# Your Favorite Skyline in The Common Wealth.



## timmy- brissy (Aug 28, 2007)

*For New Zealand.*

For such a small country New Zealand has two very good skylines which are Auckland and Wellington.

Auckland-




























Wellington-


----------



## pedang (Dec 3, 2005)

*Kuala Lumpur , Malaysia*

1.









2.









3.


----------



## timmy- brissy (Aug 28, 2007)

^^ Not bad,but petronas towers dominates a little to much for liking.


----------



## isaidso (Mar 21, 2007)

I'm a big fan of KL, but towers that dwarf the rest of the skyline aren't preferable. My own city is guilty of that too. KL looks great, but will look much better with 10-20 towers closer in height to Petronas. 

Toronto is going through the same process in regards to the CN Tower. At more than 300 ft taller than Petronas, the CN Tower dominates. The scale of buildings needed in Toronto is even greater to acheive the type of balance that I find optimal.


----------



## Taller Better (Aug 27, 2005)

I rather like one or two towers that anchor the skyline and tower above the rest. It gives a focal point to the skyline and makes for better photographs, as the eye immediately gets drawn to a focal point. That last picture of KL with the sunset and the Petronas towers in the middle is probably the nicest I have ever seen of that city!


----------



## canadave87 (Oct 8, 2007)

isaidso said:


> I'm a big fan of KL, but towers that dwarf the rest of the skyline aren't preferable. My own city is guilty of that too. KL looks great, but will look much better with 10-20 towers closer in height to Petronas.
> 
> Toronto is going through the same process in regards to the CN Tower. At more than 300 ft taller than Petronas, the CN Tower dominates.

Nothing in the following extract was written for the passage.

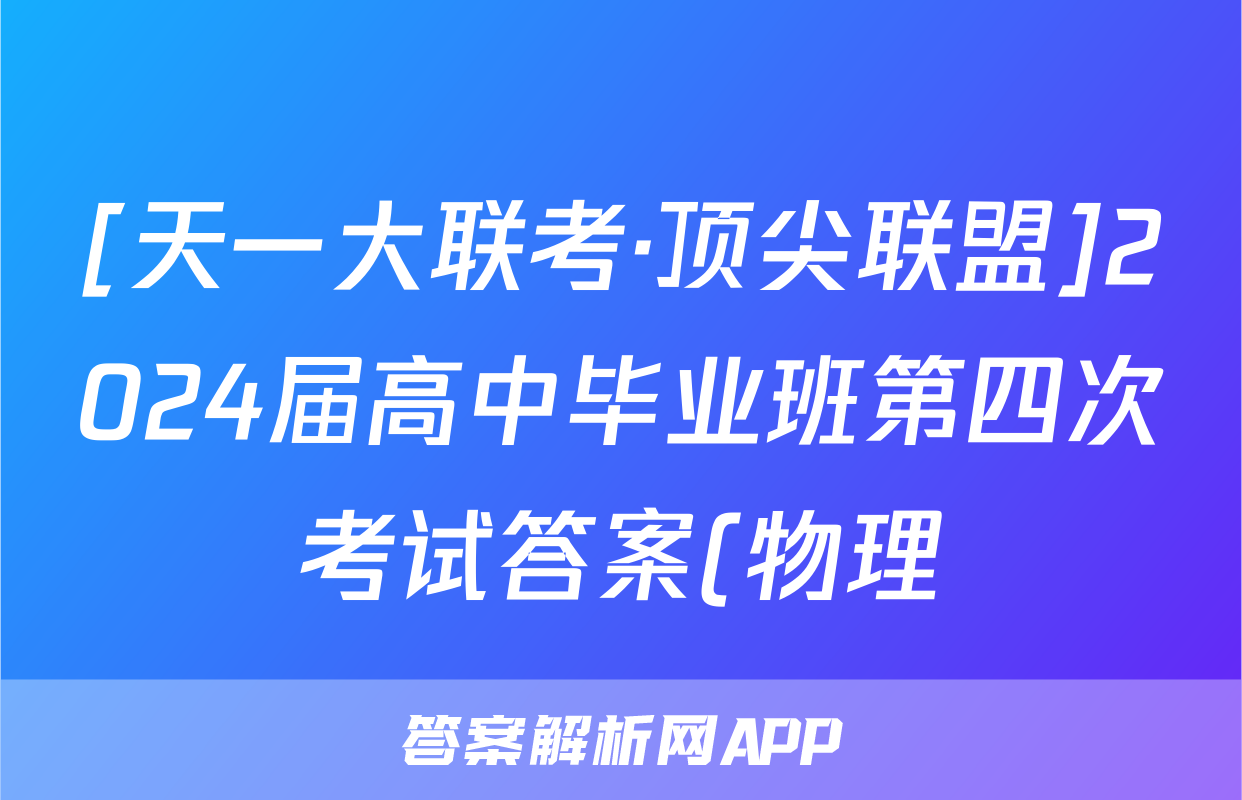 [天一大联考·顶尖联盟]2024届高中毕业班第四次考试答案(物理)

The scale of buildings needed in Toronto is even greater to acheive the type of balance that I find optimal.


The difference, for me, is that the CN Tower is very tall but slender, so while it provides a focal point, it doesn't dominate, due to its lack of a large footprint. The PT, on the other hand, are quite large, both in size and height, so I find they kind of take over the skyline.


----------



## Anberlin (Aug 11, 2007)

In no particular order..

Kuala Lumpur
Melbourne
Sydney
Toronto


----------



## isaidso (Mar 21, 2007)

canadave87 said:


> The difference, for me, is that the CN Tower is very tall but slender, so while it provides a focal point, it doesn't dominate, due to its lack of a large footprint. The PT, on the other hand, are quite large, both in size and height, so I find they kind of take over the skyline.


Both cities will continue to build taller, so the imbalances that exist today will dissipate over time. KL benefits from the mountains in the background. Toronto will have to rely on the built form. 

I do love the Canadian National Tower, I'm just not a fan of the dwarfing effect it has from certain angles. Here's one shot I do like. It's quite an unusual pic.









Taken by: http://www.flickr.com/people/[email protected]/[/QUOTE]

Some of those waterfront towers are close to 40 storeys high, but they don't look it. Nice photo regardless. The towers of the central business district are roughly double the height of these buildings, but out of frame. Here is some of it:









By Ericeric.


----------



## Taller Better (Aug 27, 2005)

We've not seen many Toronto pics posted here, so I will post a few from my collection. I took none of these pictures, and most I don't have any idea who took them as that information was not included with the posting. Some of them I have an idea, and will post what information I was given. Some of them were taken a number of years ago, and the scene has changed by now with new construction:








































































(photo possibly taken by aersdt)









(photo by Himy Syed)









(flickrcompeople55976115N00)









(flickrcompeoplenotorious_indian)









(IMG_7969copybyDonB)[/QUOTE]


----------



## isaidso (Mar 21, 2007)

1.Toronto
2.Melbourne
3.Sydney
4.Montreal
5.Kuala Lumpur

6.Vancouver
7.Singapore
8.Calgary
9.London
10.Gold Coast


----------



## Marcanadian (May 7, 2005)

Posted by Achivist at UrbanToronto










http://www.tobuilt.ca/travel/TorontoH/pages/TorontoPano1.htm










http://www.tobuilt.ca/travel/TorontoH/pages/TorontoPano2.htm










http://www.tobuilt.ca/travel/TorontoH/pages/TorontoPano3.htm


----------



## Nouvellecosse (Jun 4, 2005)

1. Sydney
2. Toronto
3. KL
4. Melbourne
5. Singapore

6. Calgary
7. Vancouver
8. Brisbane
8. London
10. Montreal


----------



## World 2 World (Nov 3, 2006)

KUALA LUMPUR, MALAYSIA

by Razuryza









by chorchuan2010









by Daniel Cheong


















by PanoramaXL


----------



## tonkster (Nov 15, 2007)

very attractive!

For me, it has to be one of the australian skylines. They arent neccesarily the biggest, but the waterside settings, the density and the quality of the towers... just makes the skyline so beautiful. After that its a toss up between Kuala Lumpur and Toronto. I think Kuala is a lot more beautiful though, so maybe I'll go for that.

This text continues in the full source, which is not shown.